Three-way American college football rivalry

Tri-State Big Three
| Penn State Nittany Lions | Pittsburgh Panthers | West Virginia Mountaineers |
| Trophy: | Old Ironsides (1951–84) |
| First qualifying year: | 1900 |
| First full round-robin: | 1904 |
| Longest streak: | Penn State (1966–75) |
| Latest champion: | Penn State (2023)* |
District Championships

| Penn State (12) 1901 1905 1906 1908 1909 1919 1939 1941 1942 1943 1947 1950 | Pitt (24) 1904 1907 1910 1913 1917 1920 1921 1924 1925 1926 1927 1929 1930 1931 1935 1936 1937 1938 1940 1944 1945 1946 1948 1949 | WVU (2) 1922 1928 |
Outright trophy victories

| Penn State (21) 1952 1958 1960 1961 1962 1964 1966 1967 1968 1969 1970 1971 1972 1973 1974 1975 1977 1978 1981 1982 1983 | Pitt (6) 1951 1955 1963 1976 1979 1980 | WVU (2) 1953 1984 |
- No official champions have been crowned since 1984

Old Ironsides was the trophy awarded for the three-way college football rivalry between the Penn State Nittany Lions, the Pittsburgh Panthers, and the West Virginia Mountaineers. Although Old Ironsides is the most distinctive aspect of the rivalry, the trophy was long predated by the significance of the universities' collegiate football matches.

In 1984, staff from the Penn State Athletics Department informed their counterparts at Pittsburgh and West Virginia that the trophy went missing at some point while in Penn State's possession. The resulting searches yielded no trace and the Old Ironsides trophy was lost.

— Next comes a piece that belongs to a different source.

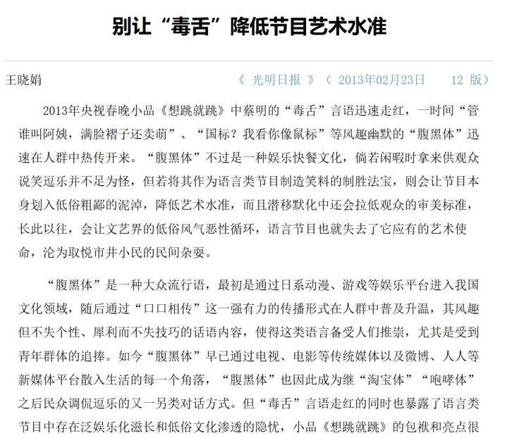 2013年,《想跳就跳》让蔡明的“毒舌老太”东说念主设达到巅峰。“都是千年的狐狸,亚搏app下载玩什么聊斋”“你东说念主是微缩的,心如故鄙陋的”等金句,成为当年的流行语,也让她收货了“弹幕女王”的称呼。但与此同期,“毒舌”格调也激发了争议。据光明网2013年02月23日发文《别让“毒舌”镌汰节目艺术水准》指出,过度的“毒舌”言语,以揭他东说念主之短、击他东说念主之痛博取笑声,可能拉低节目艺术水准,致使孳生低俗文化的隐忧。其时的春晚小品,一度堕入“为了冒犯而冒犯”的误区,搞笑与暖和的均衡,被机敏的吐槽冲突。

As a result of the reduced frequency of competitions between the schools and the disappearance of Old Ironsides, the triangular rivalry is largely viewed in the scope of the individual head-to-head rivalries and not a unified competition between all three.

The three schools were often referred to as the "Tri-State Big Three" or simply the "Big Three". This naming both predated and coexisted with the Old Ironsides trophy. Prior to and concurrent with the attached trophy, the winner of the triangular rivalry was named the "district Big Three champion".

==Series history==

=== District championship era (1881–1950) ===
In 1881, Pennsylvania State College played its first collegiate game against Lewisburg where they won 9–0. This was the first team fielded by any of the Big Three. The Western University of Pennsylvania (WUP) introduced football in 1890 and West Virginia University introduced football in 1891.

The first game played between any of the three was on November 6, 1893, when Penn State defeated WUP 32–0. The rivalry between the three schools rapidly formed as Pittsburgh, then WUP, regularly battled West Virginia and Penn State, who played an imbalanced series in Pittsburgh. Notably, Penn State versus West Virginia became an extremely heated rivalry as the two met in 1904, 1905, 1906, 1908, and 1909 in State College. WVU was shut out each time. They met again at Yankee Stadium in 1923. The result was a 13–13 tie.

In 1900, the first rivalry qualifying season took place as Western University played both Penn State and West Virginia. Western University lost both matchups, making the first result a split championship between Penn State and West Virginia.

In 1904, the first full round-robin took place, meaning each of the three teams played both of the others. West Virginia went 0–2 in the rivalry, Penn State went 1–1, and Western went 2–0 as part of their undefeated 1904 campaign. By 1908, the battle between the three was considered a championship and representative of supremacy in Western Pennsylvania and West Virginia and a 1921 article from The Pittsburg Press referred to a triangular rivalry between the schools as they competed for the "sectional title". By the 1930s, the trio was simply referred to as "the east's Big Three"

Over time, Central and Western Pennsylvania, West Virginia, and eastern Ohio became considered the Tri-State district for college athletics. Pittsburgh (formerly WUP), Penn State, and West Virginia were the district's powerhouses and the title of "Big Three" was synonymous with their dominance of the district's less prominent collegiate teams: the "Little 15" also sometimes called "West Penn Class B" and annual battles for the "district championship".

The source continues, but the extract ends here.